Openai Assistants with Structured Outputs

December 30, 2024 · 6 minutes

· 0

Open AI recently added support to their API for structured outputs, which allow you to define the response format using JSON Schema. Prior to this, the JSON response mode was able to reply with JSON, but there was no way to enforce a specific structure, define enum values, and specify required or optional fields. But with Structured Outputs, you can define every detail about the response, to ensure the data is ready to be passed on to your database or workflow.

In this guide, I'll be using OpenAI's Structured Outputs to analyze customer reviews for a hotel chain. The reviews only contain the rating (1-5), and the review text. The Structured Output feature will be used to add new datapoints for sentiment (positive, neutral, negative), offensiveContent (true/false), and tags (cleanliness, service, staff, etc).

This guide will cover:

Creating an OpenAI API key and saving it to an Appsmith datasource
Using the Chat /completions API
Building a UI to select and send reviews to the assistant
Defining a JSON Schema for the response

Let's get started!

(Check out the video tutorial here)

Setting up the Datasource

Start out by going to the OpenAI Dashboard and selecting API Keys on the left sidebar, then click + create new secret key.
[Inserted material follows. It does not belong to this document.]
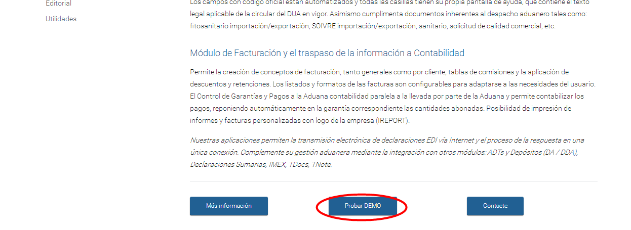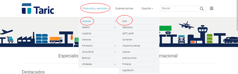 Trobareu la versió demostrativa del programa TARIC, per emplenar i presentar el DUA davant de la duana, al web de l’empresa, a l’apartat Productes i serveis, seguint el camí Duanes/DUA, tal com mostra la figura.

Copy the key, and leave this page open while setting up the Datasource in Appsmith.

Next, open the Appsmith editor and click the Data icon on the left sidebar, then + to add a new Datasource and select Authenticated API.

Configure the new Datasource as follows:

Name	OpenAI
URL	https://api.openai.com
Authentication Type	Bearer Token
Bearer Token	YOUR_SECRET_KEY

Click Save to finish setting up the Datasource. Your API key is now securely stored on your self-hosted Appsmith server (or our free cloud), and it will never be sent to end-users.
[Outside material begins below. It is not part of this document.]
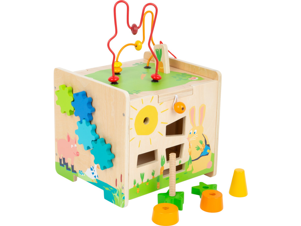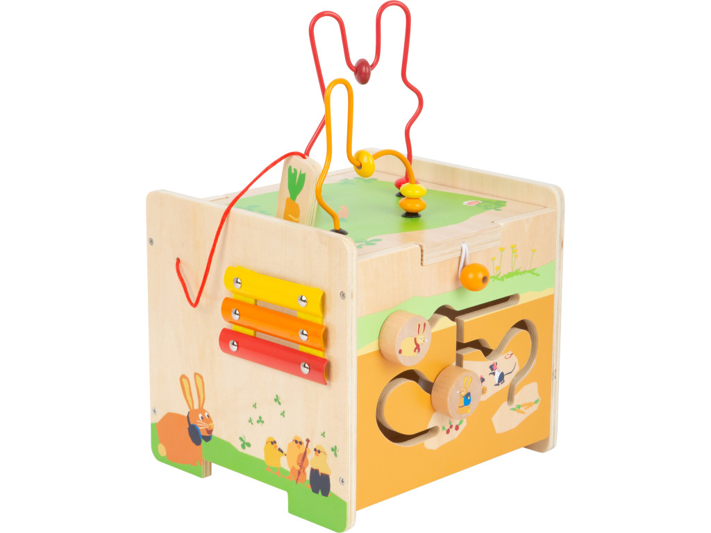 Drevená motorická hračka so zajačikom. Na každej strane sa nachádza iná aktivita pre deti, napríklad xylofón, vkladanie dielikov, otáčanie ozubených koliesok a iné. Motorickú kocku možno používať aj ako stoličku pre deti.

Using the Chat /completions API

Next we'll set up the API for chat completions. Structured Outputs also work with OpenAI Assistants, but since we're only extracting data, the completions endpoint will work fine.

Click the Query tab and add a new API under the OpenAI datasource, and configure it as follows:

Name	sendMessage
Method	POST
Url	/v1/chat/completions
Body Type	JSON
Body	`{ "model": "gpt-4o", "messages": [ { "role": "system", "content": "You are a helpful assistant." }, { "role": "user", "content": "In the OpenAI API, what is Structured Outputs?" } ] }`

Click Run, and you should get back a response with a choices array, containing the message from the assistant.

Mock Data

Next we'll add some mock review data to send to the assistant. I'm using mock data to limit the number of datasources and keep this example simple. But these could easily be reviews from TrustPilot's API, HubSpot, or any other SaaS or database.

Click the JS tab and add a new JSObject. Name it MockData, then paste in the following:

export default {
	
	reviews: [
  {
    rating: 4.8,
    userName: "AliceW",
    timestamp: "2024-12-09T10:00:00Z",
    reviewText: "Comfortable bed, friendly staff, and an excellent breakfast spread."
  },
  {
    rating: 4.5,
    userName: "TravelPro23",
    timestamp: "2024-12-08T14:23:15Z",
    reviewText: "Clean rooms, quick service, and a great view from the balcony."
  },
  {
    rating: 3.0,
    userName: "AprilShaw55",
    timestamp: "2024-12-07T09:45:32Z",
    reviewText: "Overall okay. Nothing special, but not bad either."
  },
  {
    rating: 1.5,
    userName: "walter72",
    timestamp: "2024-12-06T16:10:00Z",
    reviewText: "Rundown rooms, inattentive staff, and poor Wi-Fi connectivity. This place is @#$@#$%$!"
  },
  {
    rating: 2.0,
    userName: "jamie_99",
    timestamp: "2024-12-05T20:00:25Z",
    reviewText: "Noisy hallways, slow check-in process, and subpar cleanliness."
  }
]
}

Building the UI

Next, click the UI tab and drag in a table widget. Set the data to JS mode, and then enter {{MockData.reviews}}.

Then set the table's onRowSelected trigger to call the sendMessage API.

Next, drag in a text widget to display the assistant's response. Set the text binding to:

{{JSON.stringify(JSON.parse(sendMessage.data.choices[0].message.content), undefined, 2)}}

Note: The OpenAI API returns the JSON as a minified JSON string, so there are no line returns to help with readability. Using JSON.parse() converts the string into real JSON, then JSON.stringify(json, undefined, 2) turns it back into a string with 2 spaces of indention.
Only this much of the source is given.